I am so very sorry for your loss of Gunner, what a beautiful boy. 

My thoughts are with you and your family. 

Godspeed Gunner


----------



## AngelCoopersMom (Oct 15, 2015)

I am so sorry for your loss. The hurt is real. Cooper is with him playing and chasing those critters. Hugs and prayers.


----------



## swishywagga (Nov 13, 2012)

I am so very sorry for the loss of beautiful Gunner, you are in my thoughts and prayers.


----------



## jennretz (Jul 24, 2013)

So very sorry for your loss. He was such a beautiful boy.


----------



## Neeko13 (Jul 10, 2010)

I'm sorry for your loss... He was a beautiful boy.....


----------



## L.Rocco (Jul 28, 2015)

I am so sorry for your loss!!!


----------



## ssacres (Sep 29, 2012)

It's always so hard to say goodbye.. I am sorry for the loss of your beautiful Gunner.


----------



## Ljilly28 (Jan 22, 2008)

He is such a a beautiful dog- very sorry for your great loss


----------



## Mel (Sep 9, 2008)

I´m crying with you all the way on the other side of the hemisphere. Such a beautiful boy. I feel your pain.


----------



## Pilgrim123 (Jul 26, 2014)

Gunner was a lovely-looking dog. I'm sorry for your loss.
My boy was also crippled with arthritis. It surprised me how much the thought of him being able to run and swim again eased those lonely first days without him.


----------



## goldenewbie (Nov 10, 2011)

I am very sorry for your loss... Gunner was such a beautiful boy! 

Run free Gunner...!


----------



## Harleysmum (Aug 19, 2014)

So sorry for the loss of dear Gunner. So many much loved goldens lost this year.


----------



## gold4me (Mar 12, 2006)

Sending you cyber hugs. I am so sorry!


----------



## Penny & Maggie's Mom (Oct 4, 2007)

I'm so so sorry. Godspeed sweet boy. Hugs to you all.


----------



## Brinkleythegolden (Jun 18, 2012)

I'm so sorry for your loss....


----------



## KathyL (Jul 6, 2011)

Oh, what a handsome big red boy he is. I am so sorry for you and your family. And Gunner will be chasing rabbits and squirrels again so they better beware.


----------



## Karen519 (Aug 21, 2006)

*Gunner*

I'm sure Gunner is chasing rabbits with my Smooch and Snobear.
What a beautiful boy! Rest in peace, sweetheart.
I added Gunner to the Rainbow Bridge List:
http://www.goldenretrieverforum.com...ainbow-bridge-list-2015-a-15.html#post6189922


----------



## KKaren (Oct 29, 2014)

I'm sorry to hear about your beloved Gunner. Run fast and free sweet one. Kind thoughts for you and your family at this difficult time.


----------



## Gunners Mommy (Feb 24, 2013)

Thank all of you for your kind words. It has been almost one week since Gunner crossed over, and I miss him so very very much. But he is much better off, no pain, able to run and play and not have to sit down and no more panting.

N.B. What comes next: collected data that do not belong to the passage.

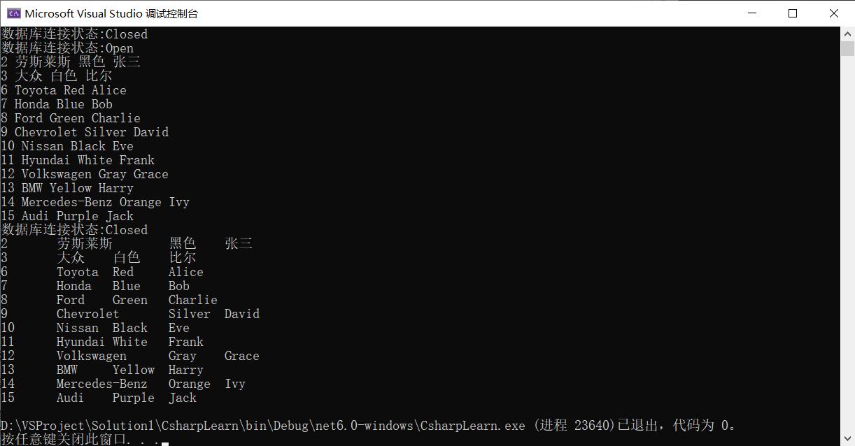 Console.WriteLine("数据库连接状态:" + connection.State);
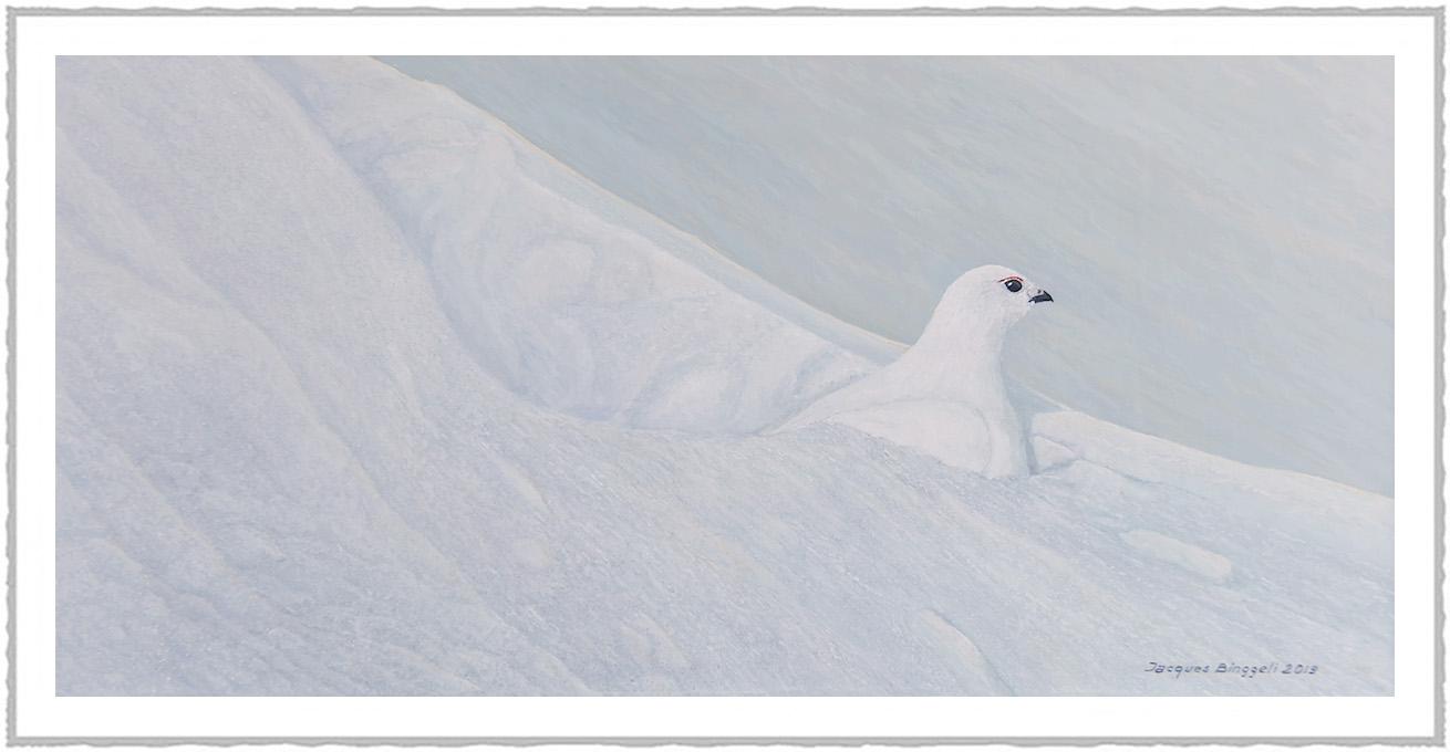 ![]() | Lagopède alpin Ton sur ton, immobiles, les lagopèdes se fondent dans l’immensité blanche des massifs enneigés. Acrylique sur panneau 75 x 45 |
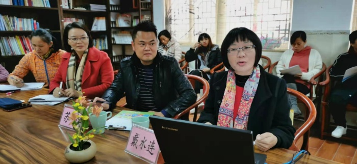 之后,新圩小學的朱華春副校長結(jié)合當前背景下班級特色建設問題進行了深入剖析,就“如何創(chuàng)建有特色的班集體”,解讀了班級特色創(chuàng)建的理念、思想、途徑和方式。從班級管理到班級建設的觀念轉(zhuǎn)變呼吁全體班主任要提升專業(yè)性發(fā)展能力,主動建設班級,以班級文化引領班級發(fā)展,最后還為班主任進行特色班級建設提供了各種思路,比如:經(jīng)典引路、童話引路、寓言引路、讓美文為青春導航目和吟誦美文等。
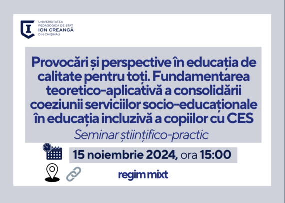 Catedra de asistență socială (subprogramul de cercetare și inovare 040114 Consolidarea serviciilor educaționale și sociale pentru asigurarea educației incluzive a copiilor cu CES) organizează seminarul științifico-practic Provocări și perspective în educația de calitate pentru toți. Fundamentarea teoretico-aplicativă a consolidării coeziunii serviciilor socio-educaționale în educația incluzivă a copiilor cu CES. Evenimentul […]
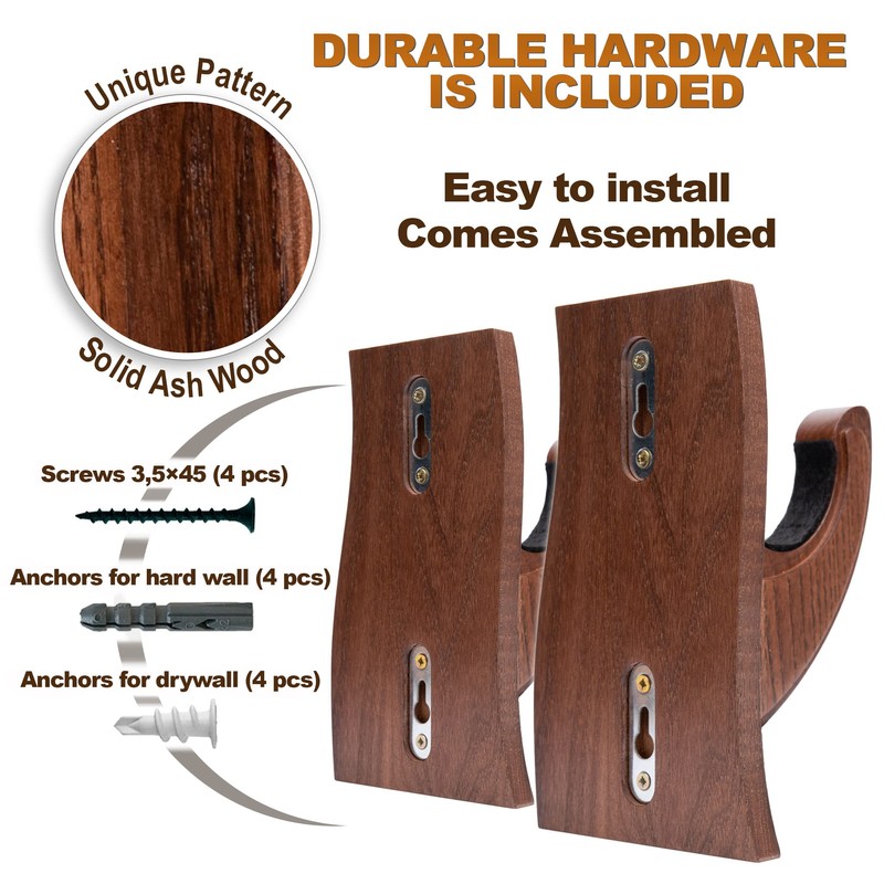Contents: 2 wooden hooks, 4 screws, 4 dowels for drywall, 4 dowels for hard wall.
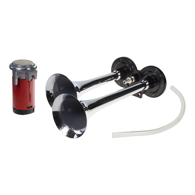 2-trubková fanfára poháněná vzduchovým kompresorem dodávaným v sadě.Trubky jsou pochromované. V sadě jsou dodávány také hadice a drobný montážní materiál.
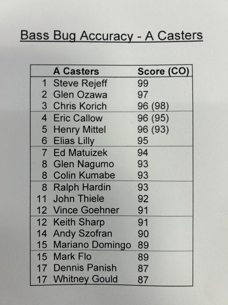 Other accuracy events include Trout Accuracy (an international version), Dry Fly and Bass Bug. My big excitement was to find myself in competition with two long time champion casters for a third-place medal in the Bass Bug game. While I ended up fourth, the result was a very gratifying outcome of long-term effort. I will be back.
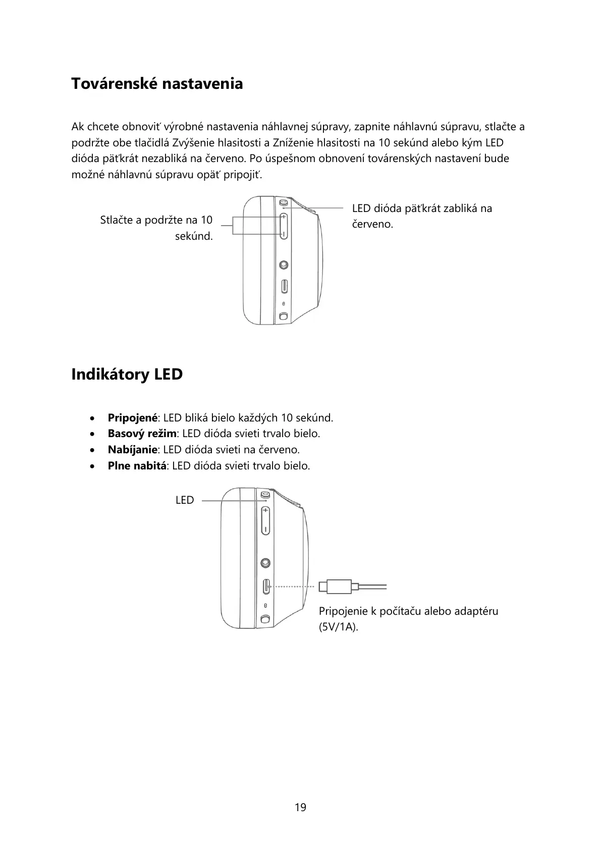 Ak chcete obnoviť výrobné nastavenia náhlavnej súpravy, zapnite náhlavnú súpravu, stlačte a

My son is still reeling over this. He is 14, first pet that he had to say good bye to and he cannot even concentrate on his basketball. won't tell the coach what is wrong. I hope he can pull things together. Gunner was his buddy

Again, thank you all for your kind words


----------



## L.Rocco (Jul 28, 2015)

Gunners Mommy said:


> My son is still reeling over this. He is 14, first pet that he had to say good bye to and he cannot even concentrate on his basketball. won't tell the coach what is wrong. I hope he can pull things together. Gunner was his buddy


I lost my Kid this july, I was 17 and he had been with me for the 2/3 of my life I actually remember. He was also the first pet I lost, it's incredibly hard, but life will push your son forward and it will become easier for him to deal with the loss of Gunner.


----------



## Jud (Aug 10, 2015)

I am so sorry for the loss of your beautiful boy !!!!


----------